Рассчитывая приехать днем, на своей «Ладе» я добрался на место лишь
к утру, оставив позади незабываемые, при свете луны, блуждания по
лугам. Несколько раз застревал в залитых водой канавах, но выбирался,
пока не сел, наконец, в глубокую колею. В опустившейся на луга ночи
обнаружился костерок у тракторной стоянки, и сторож помог вытащить
машину: кроме троса, на такой случай в багажнике всегда имеется
бутылка водки.
А потом, опьяненные звездами и луной, мы с «Ладой» понеслись по
мягким волнистым лугам, без дорог и ничего не боясь – будь что будет!
Полосы света от фар то и дело выхватывали из тьмы испуганных зайцев
и сов, чуть ли не пикирующих на лобовое стекло. Но чудес не бывает! –
в конце концов машина опять застряла. Что делать? Помощи ждать
было неоткуда, не кричать же в ночи, зверья еще накличешь дикого,
или людей одичалых – знаете это выражение: «народ одичал»?
Последнее, конечно, шутка – первое средство она при любых
передрягах. Пришлось устраиваться на ночлег. Пожарил яичницу на
лопате – вправду на лопате, без шуток. Жарится она просто: лопату
надо раскалить на костре, затем бросить на нее немного сала или
масла, вылить два-три яйца – и вся наука. А вкус получается! А запах!
Поужинав и разогнав мышей – так и шуршали вокруг, сбежались на
запах, – я развернул спальник и утонул в мгновенно набежавшем сне...
Ранним утром удалось вытолкать машину на твердую почву – помогли
рыбаки, они брели к озеру, что было неподалеку. И снова – в путь, к
Оке, она и заблестела вскоре. Затем появилась и одинокая, наполовину
склонившаяся к реке ветла – для посвященных это был ориентир: до
острова художников, цели моей поездки, рукой подать. От одинокой
ветлы был виден и другой ориентир – красный флаг, привязанный к
длинной жерди уже в самом лагере. Но не следовало так пялить на
него глаза: в сотне метров от лагеря, съехав по небольшому склону,
«Лада» вновь оказалась в плену – впереди открылся крутой подъем.

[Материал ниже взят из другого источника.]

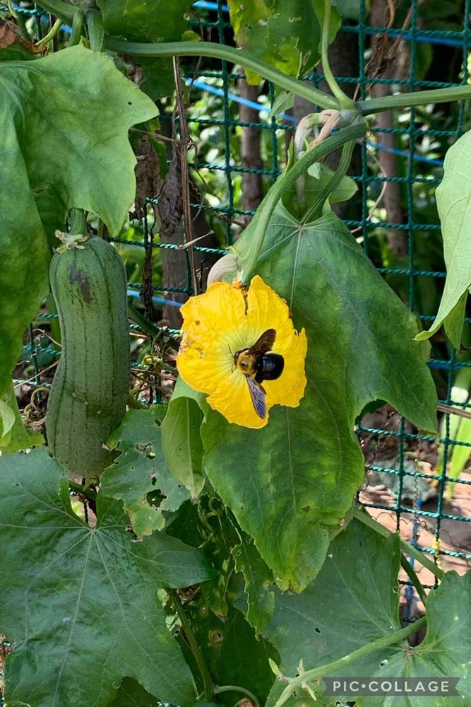 大きなへちまを発見👀 この蜂さんはなんていう名前か分からないけど一緒にパシャリ📸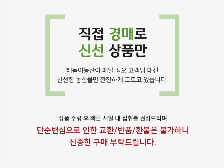 | 배송방법 | 신선/냉장/냉동 | 배송비 | 무료배송 - 도서산간 지역 배송불가 |
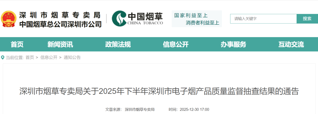 深圳市烟草专卖局关于2025年下半年深圳市电子烟产品质量监督抽查结果的通告

Хорошенькая ловушка это была для незваных гостей – самостоятельно-
то из нее не выбраться.
Идти в лагерь не хотелось – свалиться на голову так рано, просить о
помощи... Я выбрался наверх и пошел по узкой тропинке в сторону
одинокой ветлы – напротив нее, недалеко от берега, рыбачил с лодки
мужчина в желтой брезентовой куртке.
– Ну что, попался? – крикнул он мне. – В лагерь к нам ехал?
– Да, – ответил я. – Но вы молодцы – устроили ловчую яму…
– А то как же! Если не оберегаться, завтра тут ступить негде будет.
Ладно, я половлю немного, потом помогу…
Так и подружился я с Тимофеем – невысоким, коренастым мужчиной.
Ему было немногим за сорок, с широким скуластым лицом и опущенными
книзу губами; неторопливый, рассудительный, основательный, да с
таким именем – он показался мне пришельцем из прошлого, который
здесь, в этих заповедных местах, спасался от современных хищников.
Конечно, при желании и сюда мог высадиться десант отдыхающих, с
орущими во всю мощь динамиками, и что осталось бы от ее
заповедности? К счастью, не всякой машине дорога в эти края по
зубам-колесам.
Наверное, за столько-то лет лагерь художников стал особым явлением.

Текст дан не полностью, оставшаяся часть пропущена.